Directions for this task -> Only the lines from the start of the entries through the line with "L’uomo cercava di" are wanted; please output them exactly.

BEGIN Data records

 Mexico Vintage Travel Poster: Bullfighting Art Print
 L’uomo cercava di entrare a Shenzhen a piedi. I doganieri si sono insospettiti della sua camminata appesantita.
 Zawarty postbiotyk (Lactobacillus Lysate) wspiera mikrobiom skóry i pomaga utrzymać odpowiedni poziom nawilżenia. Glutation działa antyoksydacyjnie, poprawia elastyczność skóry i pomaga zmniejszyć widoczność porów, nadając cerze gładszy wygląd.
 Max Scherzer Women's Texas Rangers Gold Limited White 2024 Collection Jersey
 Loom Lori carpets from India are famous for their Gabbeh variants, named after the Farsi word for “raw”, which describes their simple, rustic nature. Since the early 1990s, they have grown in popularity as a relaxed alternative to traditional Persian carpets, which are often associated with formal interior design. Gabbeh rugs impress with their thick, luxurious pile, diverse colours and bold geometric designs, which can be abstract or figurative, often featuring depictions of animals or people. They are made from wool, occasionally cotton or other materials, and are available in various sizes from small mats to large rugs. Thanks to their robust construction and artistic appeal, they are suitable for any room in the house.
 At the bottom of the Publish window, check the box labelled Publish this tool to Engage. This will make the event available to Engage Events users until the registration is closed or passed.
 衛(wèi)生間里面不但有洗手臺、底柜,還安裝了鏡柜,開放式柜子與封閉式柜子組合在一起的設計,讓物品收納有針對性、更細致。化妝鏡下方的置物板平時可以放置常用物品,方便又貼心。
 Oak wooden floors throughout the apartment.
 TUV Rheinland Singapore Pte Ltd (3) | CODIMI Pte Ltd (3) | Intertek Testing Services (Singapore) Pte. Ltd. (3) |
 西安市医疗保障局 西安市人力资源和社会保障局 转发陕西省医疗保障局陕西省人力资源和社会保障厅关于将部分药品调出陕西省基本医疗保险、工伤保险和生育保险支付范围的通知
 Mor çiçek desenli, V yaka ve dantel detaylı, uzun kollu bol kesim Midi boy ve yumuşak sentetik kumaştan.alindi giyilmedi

END Data records

Answer section ->
 Mexico Vintage Travel Poster: Bullfighting Art Print
 L’uomo cercava di entrare a Shenzhen a piedi. I doganieri si sono insospettiti della sua camminata appesantita.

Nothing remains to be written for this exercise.